Recruitment Prediction Model using XGBoost Classifier

5 min readJun 16, 2020

Talent Acquisition is a critical function within HR, especially in sectors such as IT — Internet, Software, or ITES; Retail etc. where relatively higher attrition and business growth generates constant demand for new employees, thereby keeping recruiters on their toes all the time. Moreover, delays in filling up vacancies have significant business impact and directly affect the company’s revenues. So, on one hand there is this pressure on recruiters to hire candidates ASAP on getting the requisition, while on the other hand, most recruiters would say that spotting, screening and selecting ‘talent’ should never be done in a hurry, but through a thorough and reliable process.

The question is this: how do we end this tug-of-war between business and HR and speed up the entire process to suit business needs without compromising on the thoroughness and reliability of the HR processes?

In this article, I focus on the specific point of developing a predictive machine learning model for identifying candidates who are likely to clear the recruitment process based on past data. This way, the recruiters can work only on such candidates, saving countless man-hours that multiple persons from multiple departments would otherwise spend on candidates that would eventually be rejected. This way, Talent Acquisition would not just improve on efficiency, but would also be better aligned with the overall business objectives of the company.

Working of the model:

First i have imported data in Jupyter Notebook,the data contains several features such as Candidate Name, Qualification, Qualification Level, CGPA, Current Employer( Organization name), Current Experience, Current CTC, Expected CTC, Role Id, Source Id, Email Id, Last Stage, Entry Date.

Here, Last stage is the target feature , contains 8 sub values from S1 to S8, S1 means very less chances and S8 is considered as very high chances of recruitment.

Firstly import necessary libraries like pandas and numpy must needed for Data manipulation & arrays, then reading the data from excel file.

Next step is to check null values in the features and also check the shape of data i.e number of rows & columns in the dataset.

Next is to drop unnecessary features from the dataset i.e “CandidateName”,”EmailId,”EntryDate’,”RoleId”,”CurrentEmployer” & also “Qualification because “Qualification level”column is already given so no need of extra categorical feature.

Checking how many count of variables in “SourceId” column and which variable has maximum values.

It looks that it is Monotonic relationship between values in “SourceId”.
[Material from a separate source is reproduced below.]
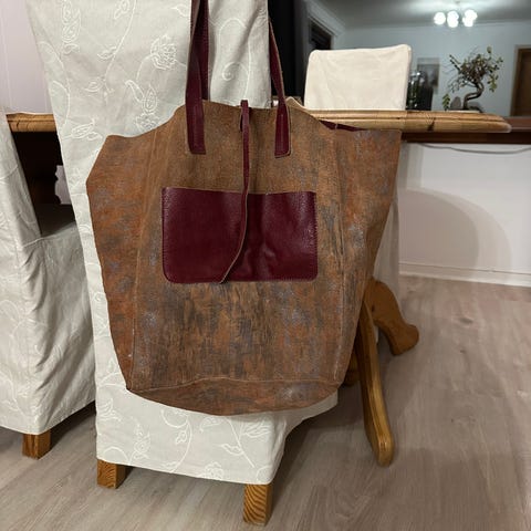 Selger en elegant rød veske fra Zara med justerbar skulderrem og gullfargede detaljer. Vesken har et strukturert design og er laget av slitesterkt materiale (polyuretan). Innvendig står ZARA preget, og den har en praktisk lukking med metallspenne. Brukt kun én gang – fremstår som ny.

As “LastStage” is a target feature, for more easy understanding for classification, we can map into 3 categories [S1-S3] as 1(low chances of selection), [S4-S6](might be applicable for selection)as 2 & [S7-S8] as 3(High chances of selection of candidate).

In “SourceId” there are 7 values i.e LinedIn,Naukri,Indeed,Consultant1,Consultant2,Refrerral & Shine.We can map it as Indeed-1,Shine-2,Naukri-3,LinkedIn-4,Consultant1 & Consultant2–5 & Referral is given as highest priority i.e-6.

Now for placements ,CTC does not play a vital role so dropping “CurrentCTC”,”ExpectedCTC” & LastStage because it is target feature.

You can see all statistics related to the dataset.

Splitting dataset into train data & test data & importing KNN,DecisionTree,RandomForest,GaussianNB,SVC & XGBoost classifiers, also import KFold cross val technique.